## DATASET EXCERPT
Start of Block

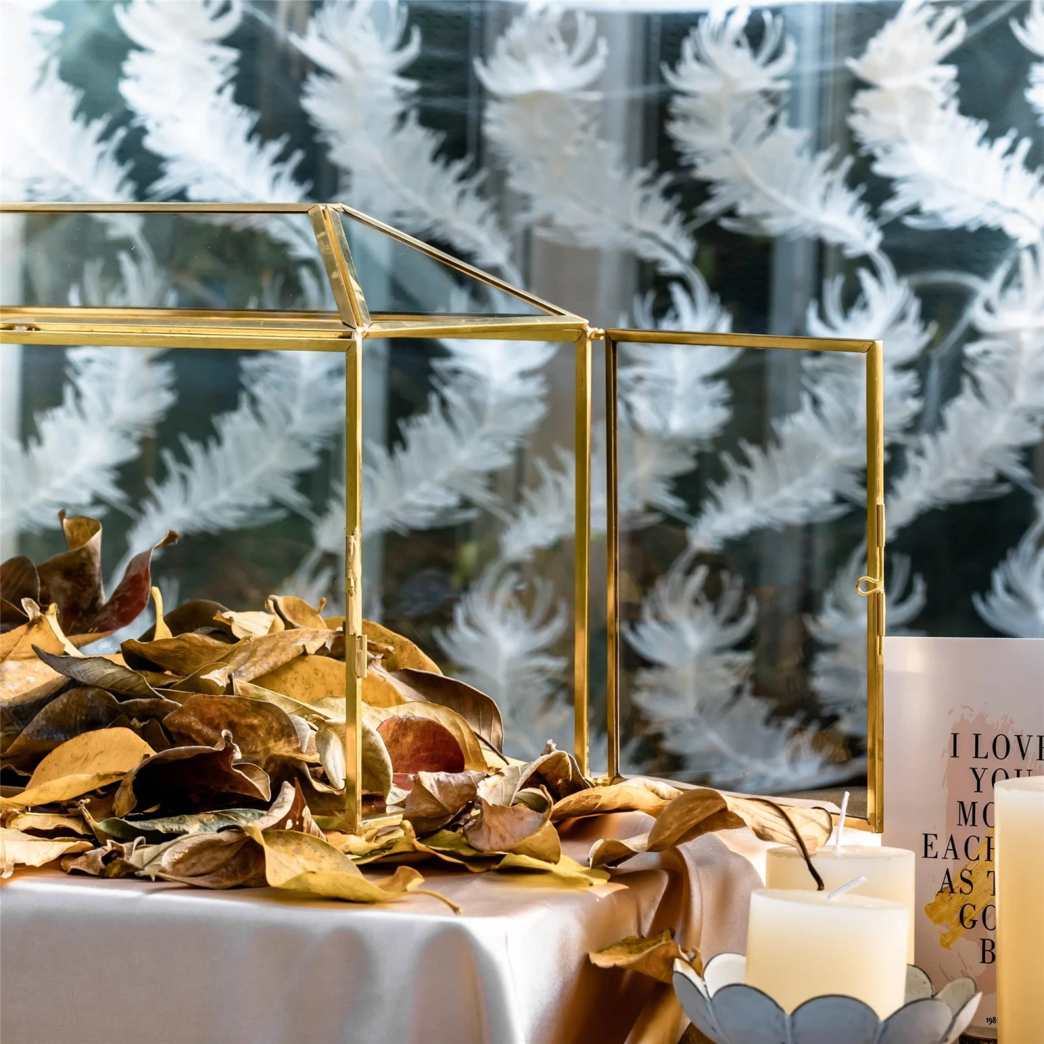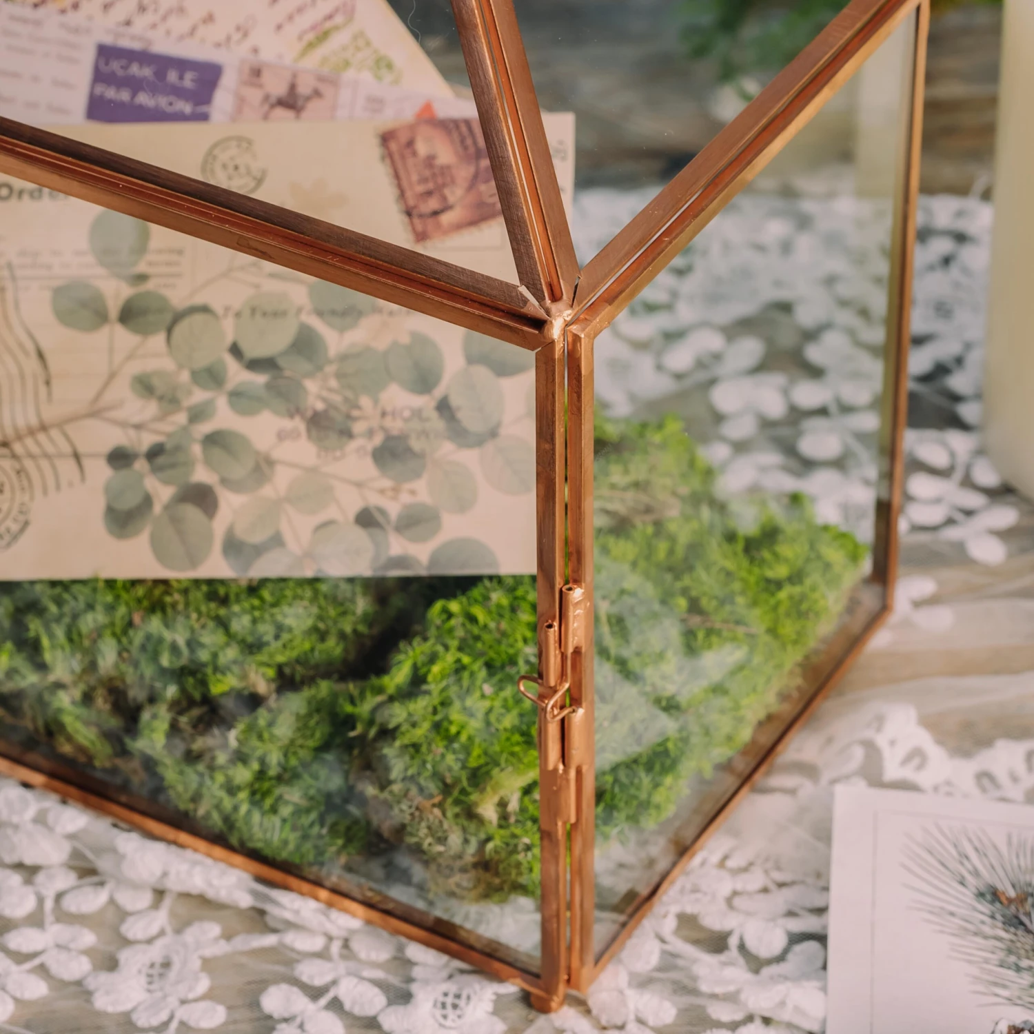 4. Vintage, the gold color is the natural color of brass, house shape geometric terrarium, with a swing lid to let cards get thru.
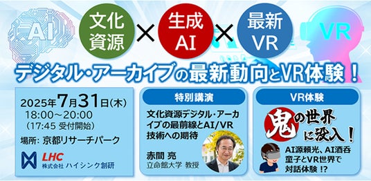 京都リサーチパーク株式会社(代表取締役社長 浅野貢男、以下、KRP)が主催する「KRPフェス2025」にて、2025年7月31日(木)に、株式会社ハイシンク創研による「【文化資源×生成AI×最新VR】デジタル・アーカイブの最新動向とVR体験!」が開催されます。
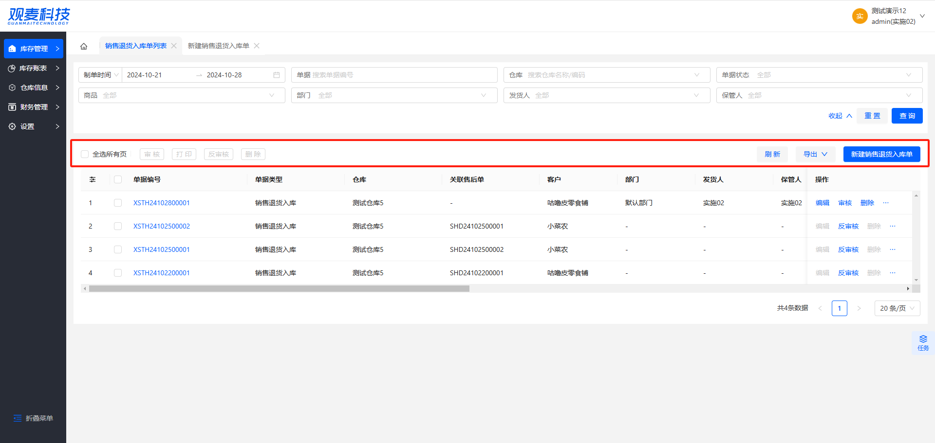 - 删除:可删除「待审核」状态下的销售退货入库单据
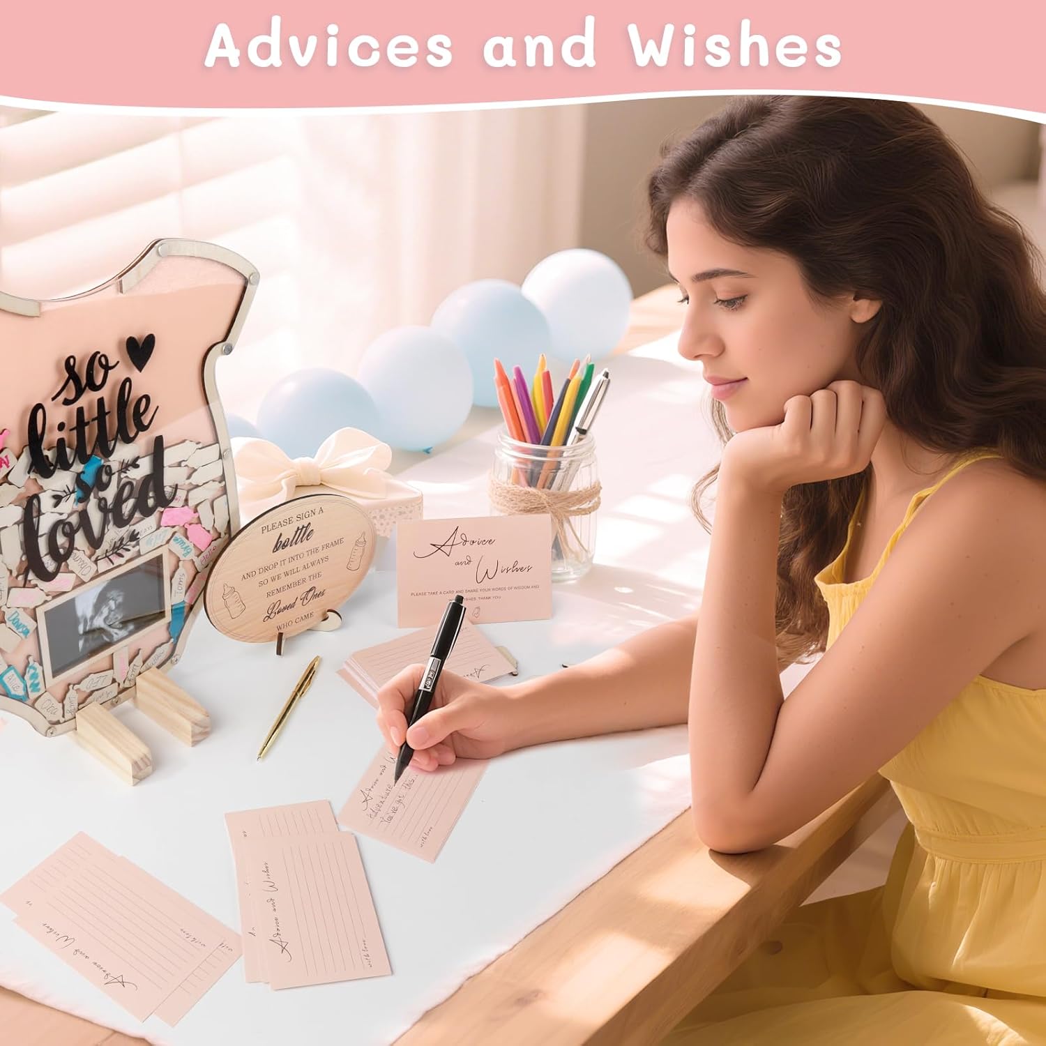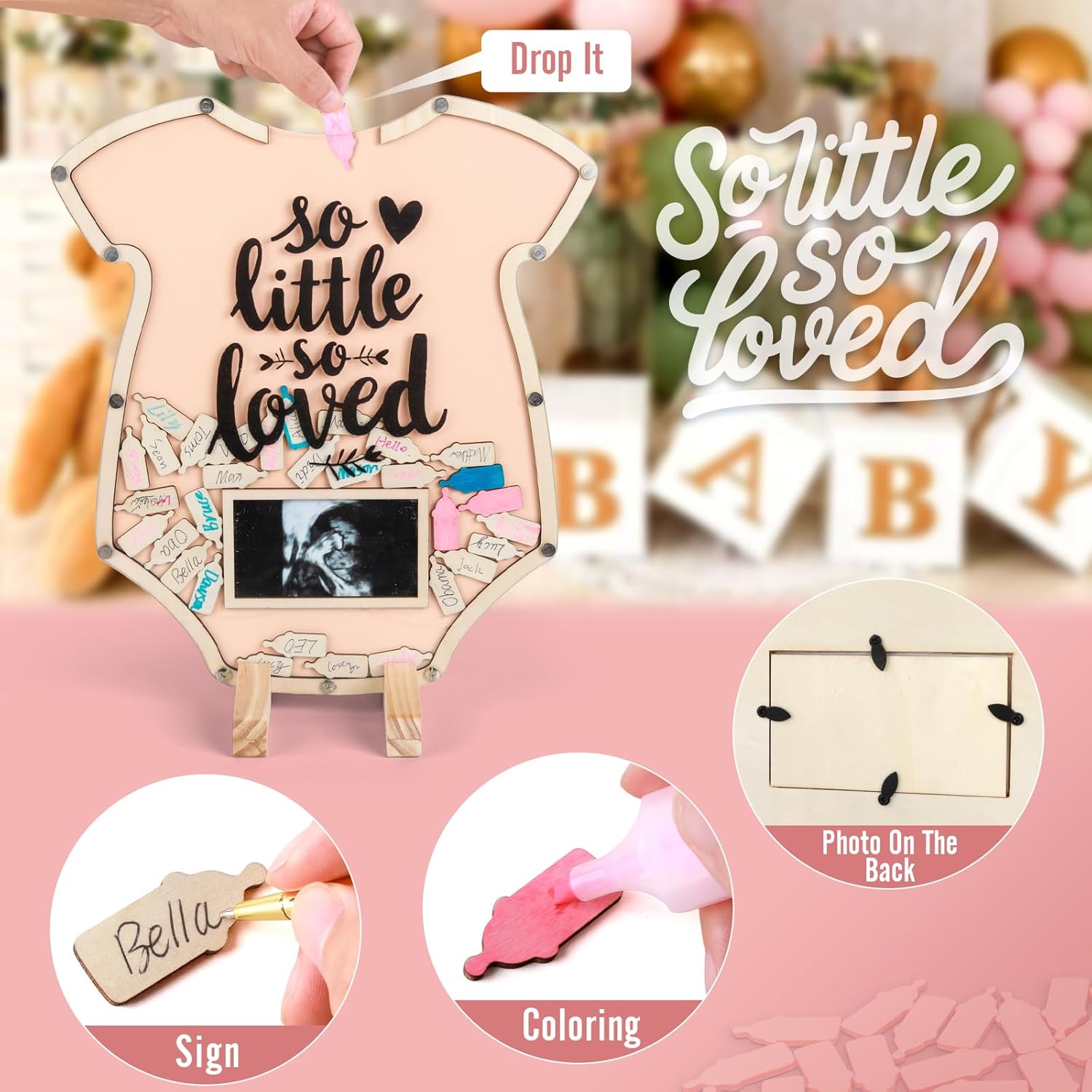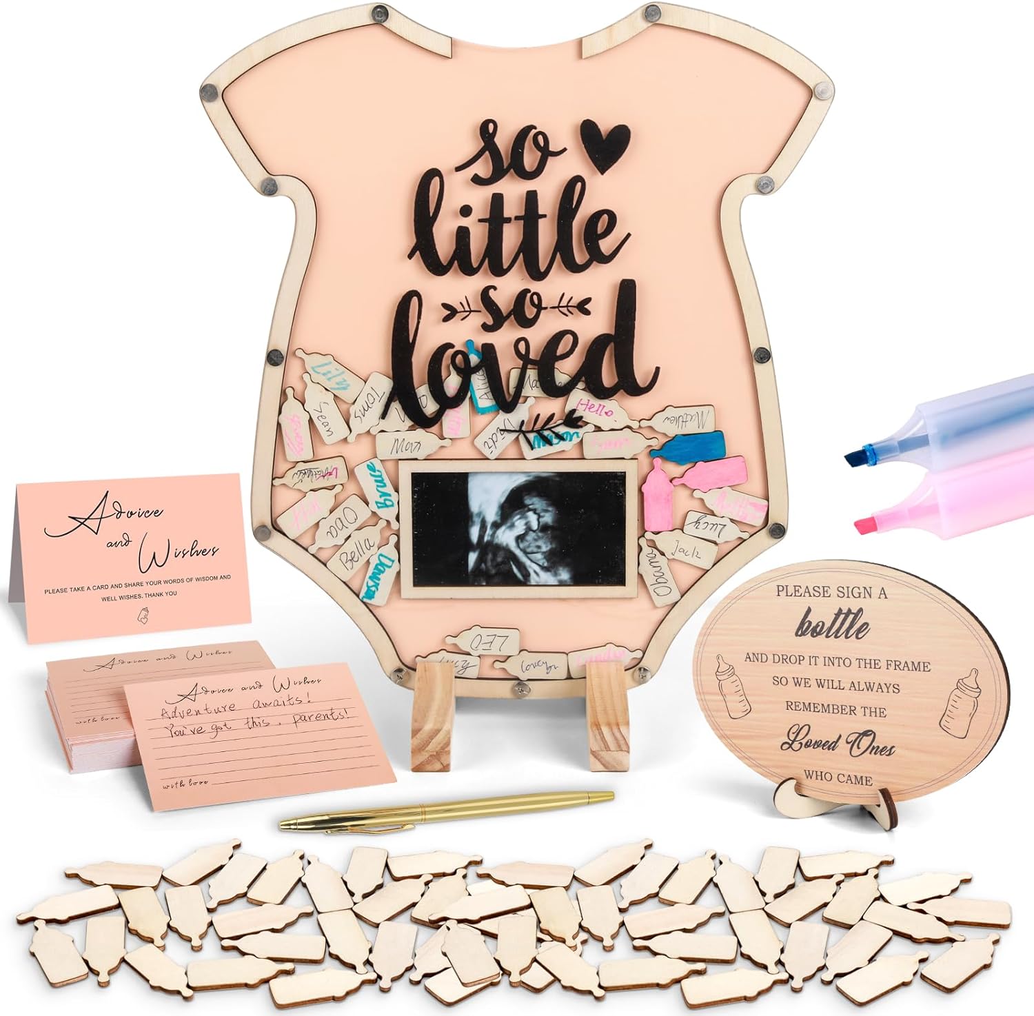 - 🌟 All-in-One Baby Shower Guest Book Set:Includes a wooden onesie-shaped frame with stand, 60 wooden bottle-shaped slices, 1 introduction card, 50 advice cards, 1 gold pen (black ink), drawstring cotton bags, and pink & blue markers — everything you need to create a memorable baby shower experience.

End of Block

Please output the lines from the line that holds "- 删除:可删除「待审核」状态下的销售退货入库单据" through the final line of the material above, both included. Each line must match exactly, and pictures must be excluded.

## COMPLETED TASK
 - 删除:可删除「待审核」状态下的销售退货入库单据
 - 🌟 All-in-One Baby Shower Guest Book Set:Includes a wooden onesie-shaped frame with stand, 60 wooden bottle-shaped slices, 1 introduction card, 50 advice cards, 1 gold pen (black ink), drawstring cotton bags, and pink & blue markers — everything you need to create a memorable baby shower experience.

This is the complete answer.